[NOTE C, Chap. IX. p. 111]
Just yesterday again—three days after the conversation mentioned in the note to chap. vii.—I met a devoted young missionary lady from the interior. As a conversation on prayer was proceeding, she interposed unasked with the remark, “But it is really impossible to find the time to pray as we wish to.” I could only answer, “Time is a quantity that accommodates itself to our will; what our hearts really consider of first importance in the day, [p196] we will soon succeed in finding time for.” It must surely be that the ministry of intercession has never been put before our students in Theological Halls and Missionary Training Homes as the most important part of their life-work. We have thought of our work in preaching or visiting as our real duty, and of prayer as a subordinate means to do this work successfully. Would not the whole position be changed if we regarded the ministry of intercession as the chief thing—getting the blessing and power of God for the souls entrusted to us? Then our work would take its right place, and become the subordinate one of really dispensing blessings which we had received from God. It was when the friend at midnight, in answer to his prayer, had received from Another as much as he needed, that he could supply his hungry friend. It was the intercession, going out and importuning, that was the difficult work; returning home with his rich supply to impart was easy, joyful work. This is Christ’s divine order for all thy work, my brother: First come, in utter poverty, every day, and get from God the blessing in intercession, go then rejoicingly to impart it.
[NOTE D, Chap. X. p. 123]
Let me once again refer my readers to William Law, and repeat what I have said before, that no book has so helped me to an insight into the place and work of the Holy Spirit in the economy of redemption as his Address to the Clergy.[2]

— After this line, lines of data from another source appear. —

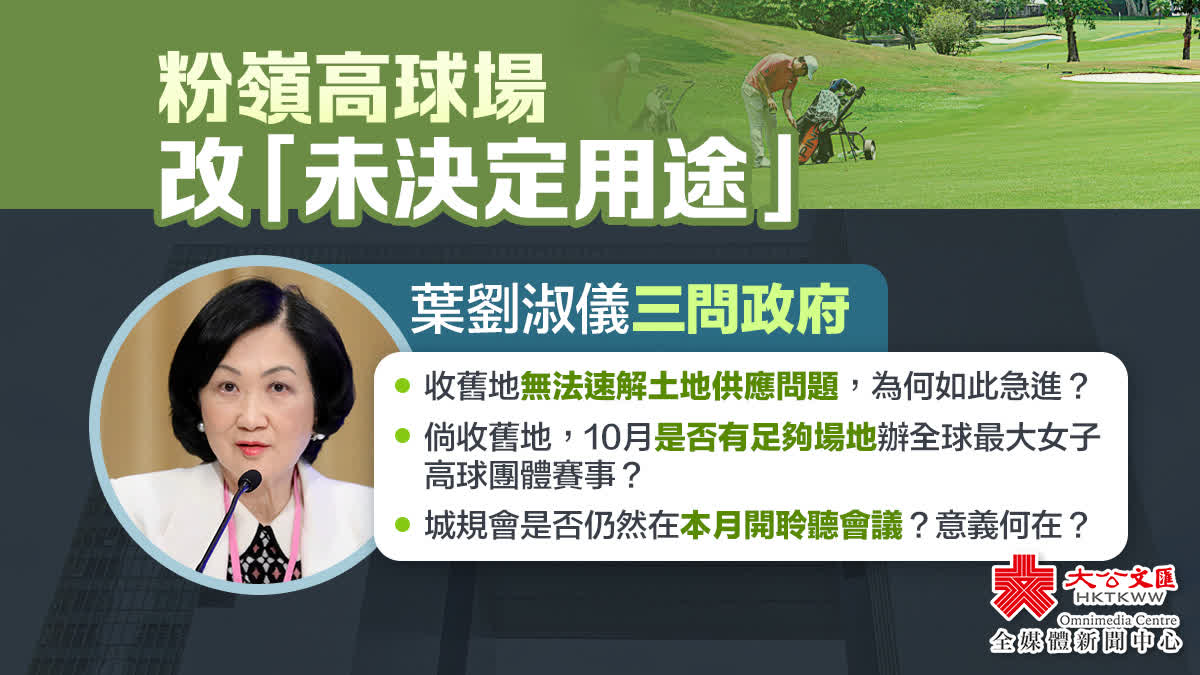 葉劉淑儀在社交媒體撰寫《粉嶺高爾夫球會「舊場」地段修訂為「未決定用途」衍生的問題》的文章指,發展局確認政府於去年10月批出一份顧問合約,聘請顧問公司展開關於收回舊場的土地調查、設計及建築研究,費用超過3000萬元、研究期長達10年。研究已於去年10月開始,換言之最快要在2031年才完成報告,即使政府今年9月收回相關地段,也未能馬上動工興建房屋。
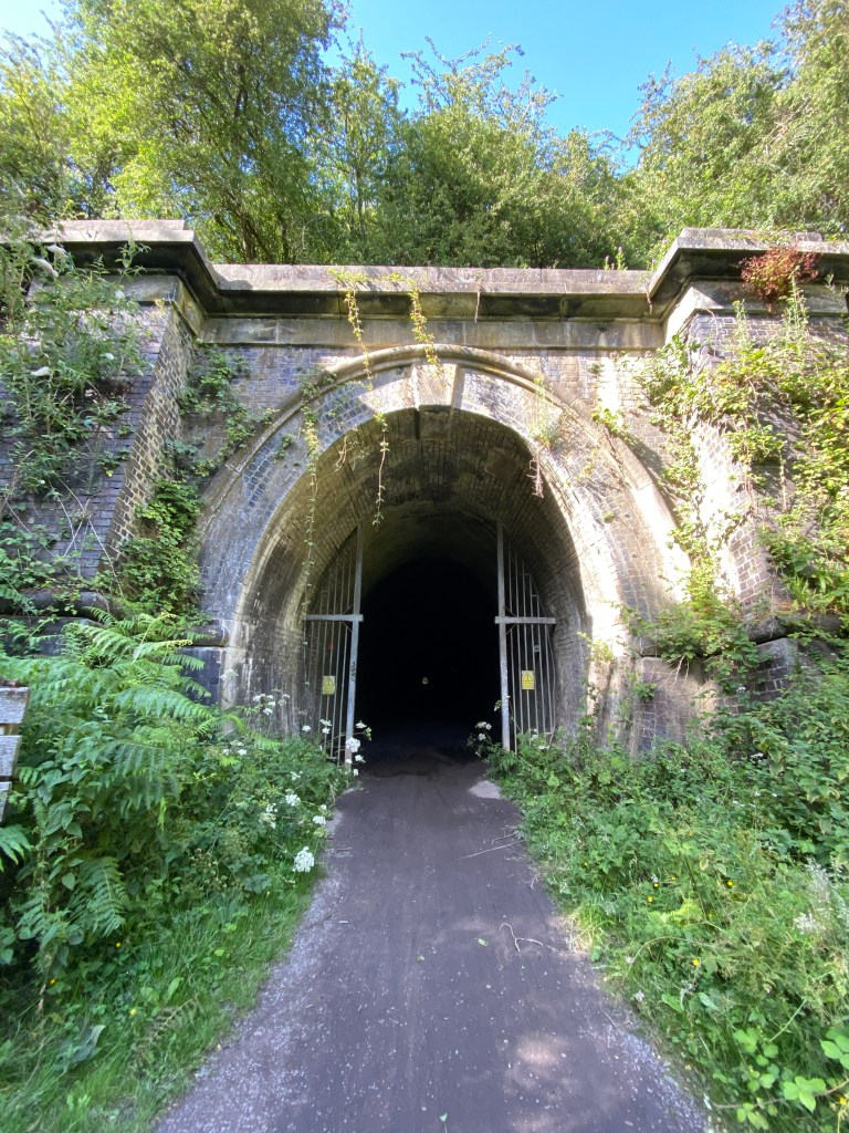 Riding a further couple of miles along the cycle way, I came to the second. I stopped at the entrance. I took a breath and rode in, immediately surrounded by darkness, my eyes raced to catch up with my brain, my hands squeeze the handlebars and my legs turn slowly. Voices at the end, people with small lights approaching and the sound of dripping from the rock above. I press on, bumping up and down with every undulation. Emerging from the end, I prized my hands from my handlebars and let out a sigh of relief.
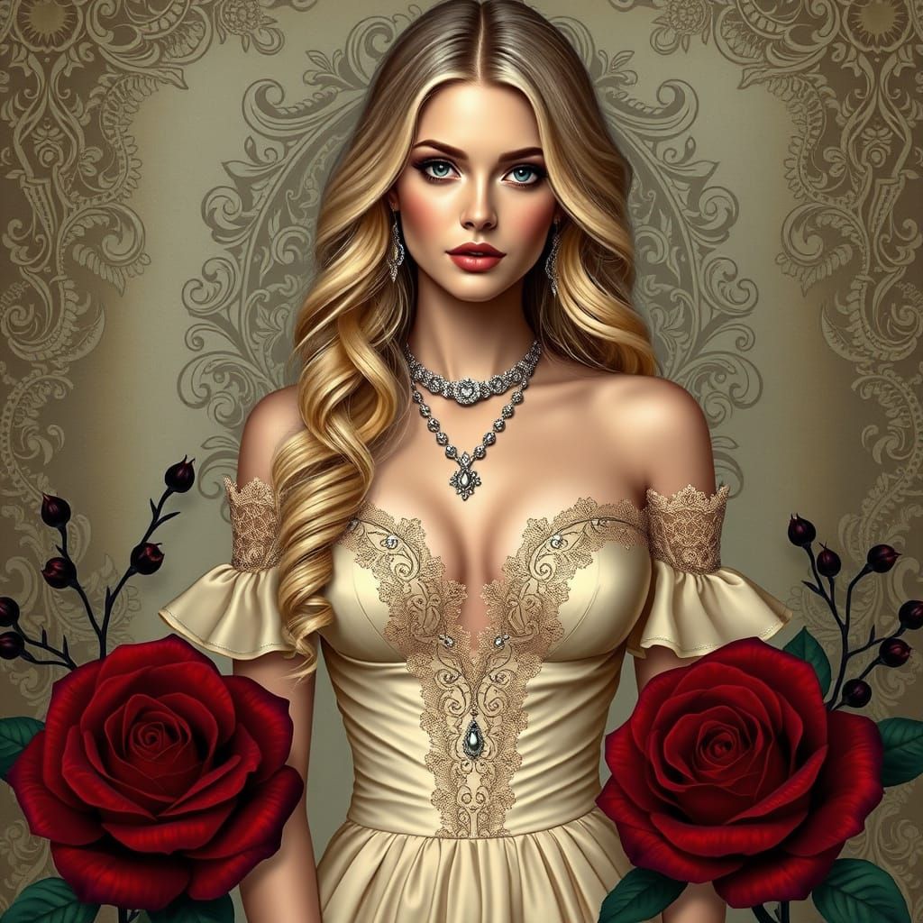 A digital painting of a beautiful woman with long blonde hair and striking eyes. She wears an elegant champagne gown with lace details, set against an ornate background. A romantic and fantastical aesthetic.
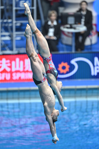 【中新社日本福岡7月15日電】(記者郝淩宇)中國跳水「夢之隊」15日在日本福岡包攬了2023年游泳世錦賽首個金牌日產生的3枚跳水項目金牌。王飛龍/張家齊在混雙10米台決賽中為中國隊摘得本屆世錦賽首金,林珊、王宗源/龍道一組合分別在女子單人1米板和男子雙人3米板決賽中奪冠。
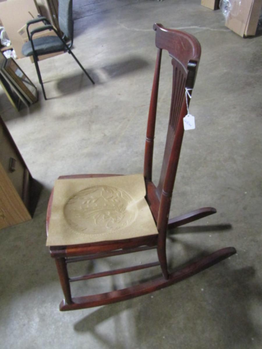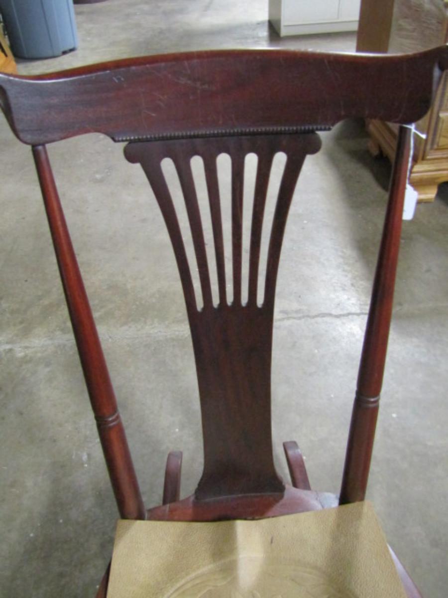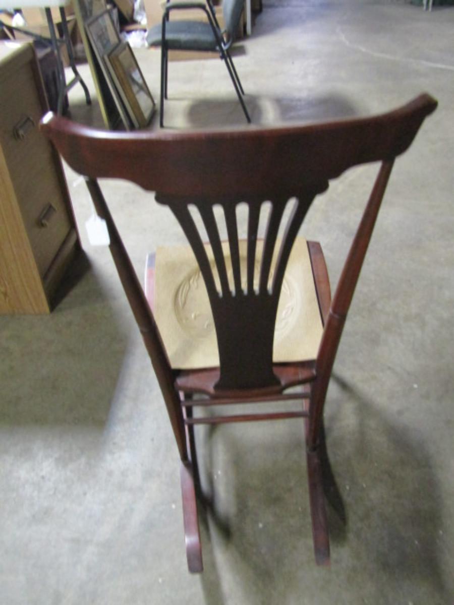 Vintage Wooden Rocker with Cane Seat- Dragon Theme Leather Panel on Top of Damaged Seat. Please see pictures.

The way in which he opens up how God’s one object was to dwell in man, making him partaker of His goodness and glory, other way than by himself living and working in him, gives one the key to what Pentecost and the sending forth of the Spirit of God’s Son into our hearts really means. It is Christ in God’s [p197] name really regaining and retaking possession of the home He had created for Himself. It is God entering into the secret depths of our nature there to “work to will and to do,” to “work that which is pleasing in His sight in Christ Jesus.” It is as this truth enters into us, and we see that there is and can be no good in us but what God works, that we shall see light on the Divine mystery of prayer, and believe in the Holy Spirit as breathing within us desires which God will fulfil when we yield to them, and believingly present them in the name of Christ. We shall then see that just as wonderful and prevailing as the intercession and prayer passing from the Incarnate Son to the Father in heaven is our intercourse with God; the Spirit, who is God, breathing and praying in us amid all our feebleness His heaven-born Divine petitions: what a heavenly thing prayer becomes.
The latter part of the above-mentioned book consists of extracts from Law’s letters. These have been published separately as a little shilling volume.[3] No one who will take the time quietly to read and master the so simple but deep teaching they contain, without being wonderfully strengthened in the confidence which is needed, if we are to pray much and boldly. As we learn that the Holy Spirit is within us to reveal Christ there, to make us in living reality partakers of His death, His life, His merit, His disposition, so that He is formed within us, we will begin to see how Divinely right and sure it is that our intercessions in His name must be heard; his own Spirit maintains the living union with Himself, in whom we are brought nigh to God, and gives us boldness of access; what I have so feebly said in the chapter on the Spirit of Supplication will get new meaning; and, what is more, the exercise of prayer a new attractiveness; its solemn Divine mystery will humble us, its unspeakable privilege lift us up in faith and adoration.
[2] The Power of the Spirit: An Address to the Clergy. By William Law. With additional Extracts and an Introduction by Rev. A. M. James Nisbet & Co. 2s. 6d.
[3] The Divine Indwelling. Selections from the Letters of William Law. With Introduction by A. M. James Nisbet & Co.